> **Required work**
Transcribe the full listing exactly, and drop every picture.
Given information section start
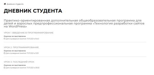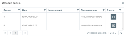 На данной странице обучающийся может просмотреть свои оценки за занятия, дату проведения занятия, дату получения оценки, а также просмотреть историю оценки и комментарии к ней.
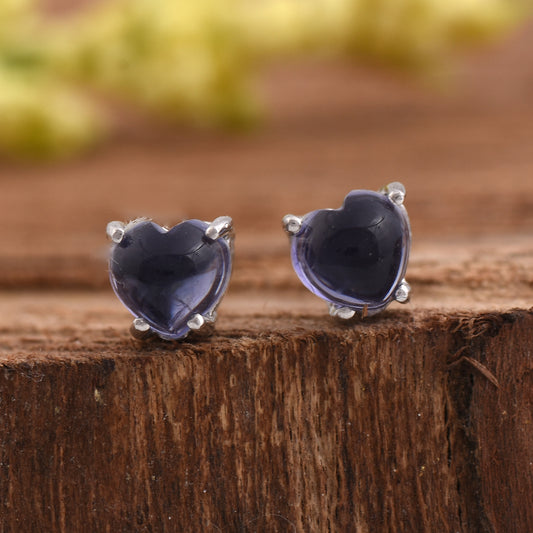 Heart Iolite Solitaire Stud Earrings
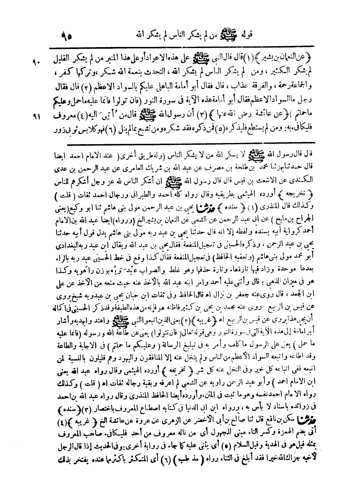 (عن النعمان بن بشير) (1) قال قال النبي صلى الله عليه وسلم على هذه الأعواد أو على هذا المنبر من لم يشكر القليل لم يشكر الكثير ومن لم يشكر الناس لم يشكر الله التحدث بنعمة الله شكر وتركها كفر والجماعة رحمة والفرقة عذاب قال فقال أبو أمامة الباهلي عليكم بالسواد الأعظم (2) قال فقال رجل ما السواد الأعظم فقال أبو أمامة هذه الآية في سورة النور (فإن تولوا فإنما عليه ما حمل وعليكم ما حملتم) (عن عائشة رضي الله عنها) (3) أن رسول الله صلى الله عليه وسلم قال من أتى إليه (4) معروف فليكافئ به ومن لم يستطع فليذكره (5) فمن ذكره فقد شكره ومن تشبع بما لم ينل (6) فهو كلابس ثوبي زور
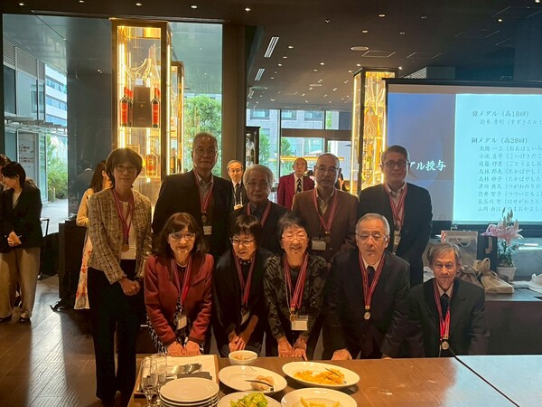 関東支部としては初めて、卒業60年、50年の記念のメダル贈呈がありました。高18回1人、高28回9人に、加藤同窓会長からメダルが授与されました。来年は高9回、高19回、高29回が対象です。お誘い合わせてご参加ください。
Given information section end
> **Result below**
 На данной странице обучающийся может просмотреть свои оценки за занятия, дату проведения занятия, дату получения оценки, а также просмотреть историю оценки и комментарии к ней.
 Heart Iolite Solitaire Stud Earrings
 (عن النعمان بن بشير) (1) قال قال النبي صلى الله عليه وسلم على هذه الأعواد أو على هذا المنبر من لم يشكر القليل لم يشكر الكثير ومن لم يشكر الناس لم يشكر الله التحدث بنعمة الله شكر وتركها كفر والجماعة رحمة والفرقة عذاب قال فقال أبو أمامة الباهلي عليكم بالسواد الأعظم (2) قال فقال رجل ما السواد الأعظم فقال أبو أمامة هذه الآية في سورة النور (فإن تولوا فإنما عليه ما حمل وعليكم ما حملتم) (عن عائشة رضي الله عنها) (3) أن رسول الله صلى الله عليه وسلم قال من أتى إليه (4) معروف فليكافئ به ومن لم يستطع فليذكره (5) فمن ذكره فقد شكره ومن تشبع بما لم ينل (6) فهو كلابس ثوبي زور
 関東支部としては初めて、卒業60年、50年の記念のメダル贈呈がありました。高18回1人、高28回9人に、加藤同窓会長からメダルが授与されました。来年は高9回、高19回、高29回が対象です。お誘い合わせてご参加ください。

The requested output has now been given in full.